Exactly and only the lines below from the one containing "A Região Carbonífera" down to the one containing "Veniec MagicHome Vianoce, prírodný, adventný, so" are wanted, both included; please exclude every picture.

## EXTRACTED DATA
[Start of section]
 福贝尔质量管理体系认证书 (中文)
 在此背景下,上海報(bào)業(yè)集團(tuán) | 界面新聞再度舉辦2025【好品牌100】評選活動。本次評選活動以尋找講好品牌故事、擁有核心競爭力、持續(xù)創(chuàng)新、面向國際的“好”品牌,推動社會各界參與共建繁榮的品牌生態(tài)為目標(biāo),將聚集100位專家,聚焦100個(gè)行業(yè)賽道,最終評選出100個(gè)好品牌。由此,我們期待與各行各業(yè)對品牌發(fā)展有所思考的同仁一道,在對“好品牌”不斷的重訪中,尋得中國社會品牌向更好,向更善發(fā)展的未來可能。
[End of section]
[Start of section]
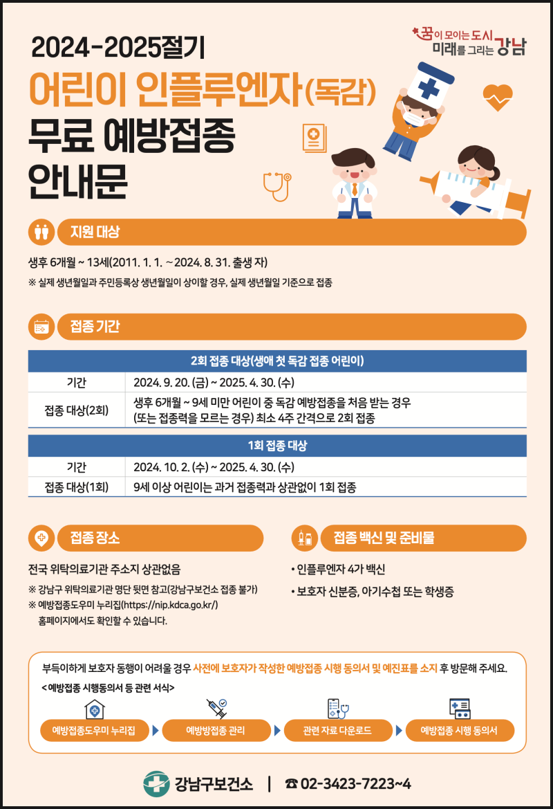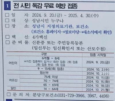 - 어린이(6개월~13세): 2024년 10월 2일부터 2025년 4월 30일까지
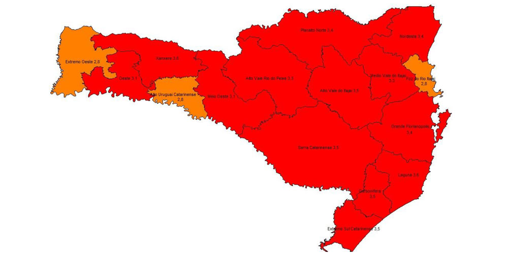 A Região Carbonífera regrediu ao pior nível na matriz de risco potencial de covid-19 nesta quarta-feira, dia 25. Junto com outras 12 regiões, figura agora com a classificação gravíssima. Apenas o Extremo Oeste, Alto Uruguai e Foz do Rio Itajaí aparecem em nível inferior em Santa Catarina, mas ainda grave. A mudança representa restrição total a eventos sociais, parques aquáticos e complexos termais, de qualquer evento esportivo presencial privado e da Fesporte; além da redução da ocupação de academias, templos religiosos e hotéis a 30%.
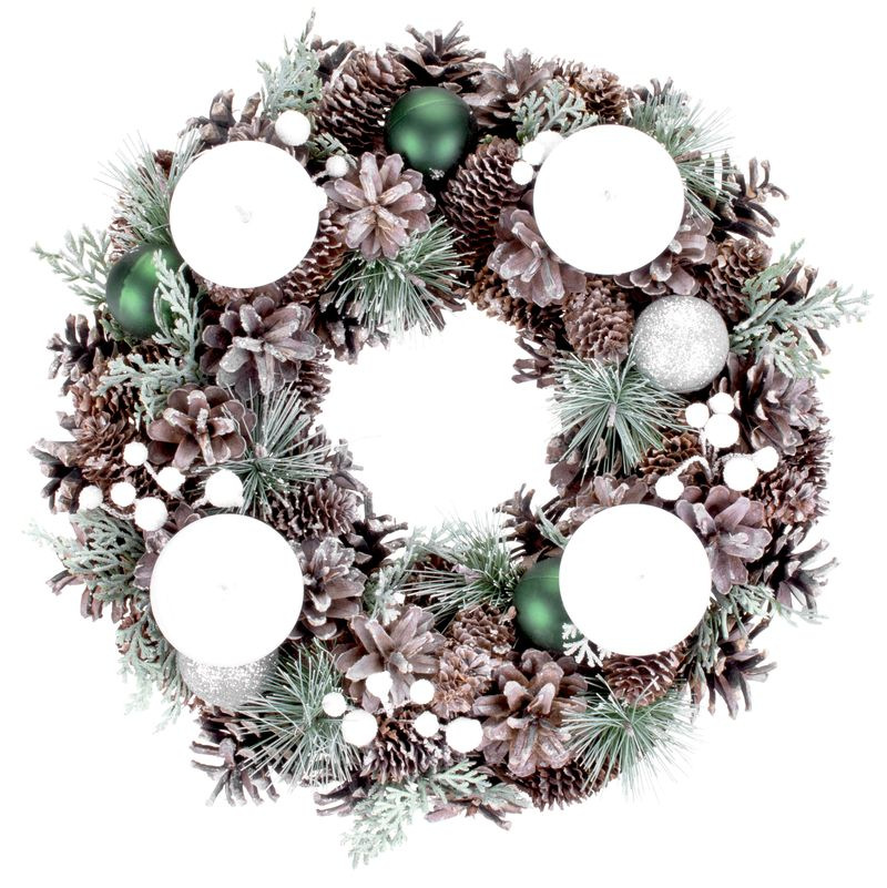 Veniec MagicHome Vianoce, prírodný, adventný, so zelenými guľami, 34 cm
[End of section]
## SOLVED PROBLEM
 A Região Carbonífera regrediu ao pior nível na matriz de risco potencial de covid-19 nesta quarta-feira, dia 25. Junto com outras 12 regiões, figura agora com a classificação gravíssima. Apenas o Extremo Oeste, Alto Uruguai e Foz do Rio Itajaí aparecem em nível inferior em Santa Catarina, mas ainda grave. A mudança representa restrição total a eventos sociais, parques aquáticos e complexos termais, de qualquer evento esportivo presencial privado e da Fesporte; além da redução da ocupação de academias, templos religiosos e hotéis a 30%.
 Veniec MagicHome Vianoce, prírodný, adventný, so zelenými guľami, 34 cm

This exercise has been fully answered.